Phan Nga T, Wallwork Benjamin, Panizza Benedict
Aust Fam Physician. 2016 Aug;45(8):574-8.
Obstructive sleep apnoea (OSA) is a complex disease process that involves collapse of the upper airway during sleep and subsequent reduction or cessation of airflow. Continuous positive airway pressure (CPAP) is the primary treatment for OSA and is the recommended first-line treatment for patients with moderate-to-severe forms of the disease. However, some patients are unable to tolerate CPAP or are unwilling to accept it as a form of permanent management. In these cases, surgical management aimed at addressing anatomical obstruction may be useful and warranted.

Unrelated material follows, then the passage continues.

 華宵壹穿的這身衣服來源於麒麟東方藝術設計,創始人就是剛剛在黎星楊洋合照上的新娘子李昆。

This article presents an overview of the surgical options available for OSA. The review also describes a useful approach for selecting appropriate patients for surgery.

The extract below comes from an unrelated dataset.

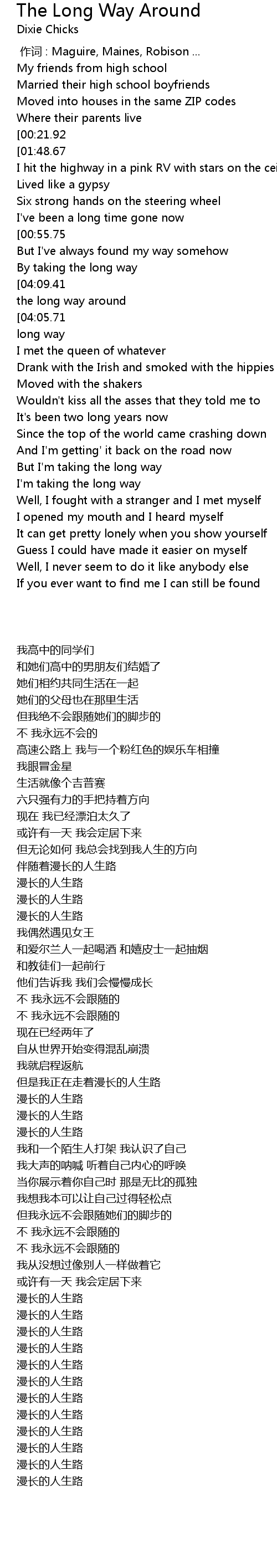 | [04:13.18][04:05.71][03:58.18][03:50.63][03:43.19][03:35.11][01:11.30] | Taking the long way |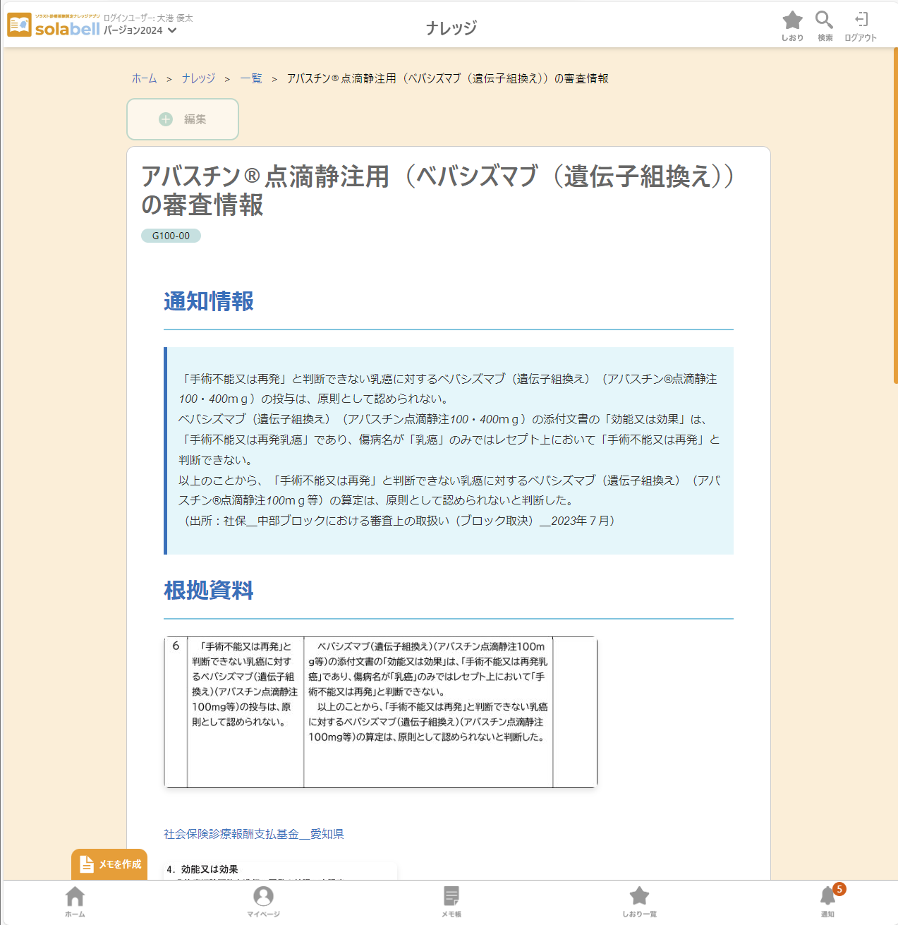 「solabell」の利用によって、診療報酬点数表や関連する書籍の予習、WordやPowerPoint資料への転記作業などは、全て該当ページをしおり機能であらかじめ保存しておくことが可能だ。さらにメモ機能を組み合わせ、指導や確認に使うページのポイントを、自身の言葉で記録しておくことが可能で、説明したかった内容を見失う心配もない。研修などの資料準備に従前は15-30分かかったが、「solabell」の検索、しおり機能登録、メモ機能登録により1-10分程度で終わる。メモを同じ院内で共有でき、容易に院内ルールなどを共有するようになった。

On the basis of an OSA model that accounts for observed increased risk of stroke, cardiovascular disease and motor vehicle accidents, there is evidence to support that surgery is beneficial and cost-effective for patients with severe OSA who are intolerant of CPAP. There are many surgical options available for OSA.
阻塞性睡眠呼吸暂停(OSA)是一种复杂的疾病过程,涉及睡眠期间上呼吸道塌陷以及随后气流减少或停止。持续气道正压通气(CPAP)是OSA的主要治疗方法,也是中重度该疾病患者推荐的一线治疗方法。然而,一些患者无法耐受CPAP或不愿意接受其作为一种长期治疗方式。在这些情况下,旨在解决解剖学梗阻的手术治疗可能有用且必要。
本文概述了可用于OSA的手术选择。该综述还描述了一种为手术选择合适患者的有用方法。
基于一个考虑到观察到的中风、心血管疾病和机动车事故风险增加的OSA模型,有证据支持手术对于不耐受CPAP的重度OSA患者有益且具有成本效益。有许多手术选择可用于OSA。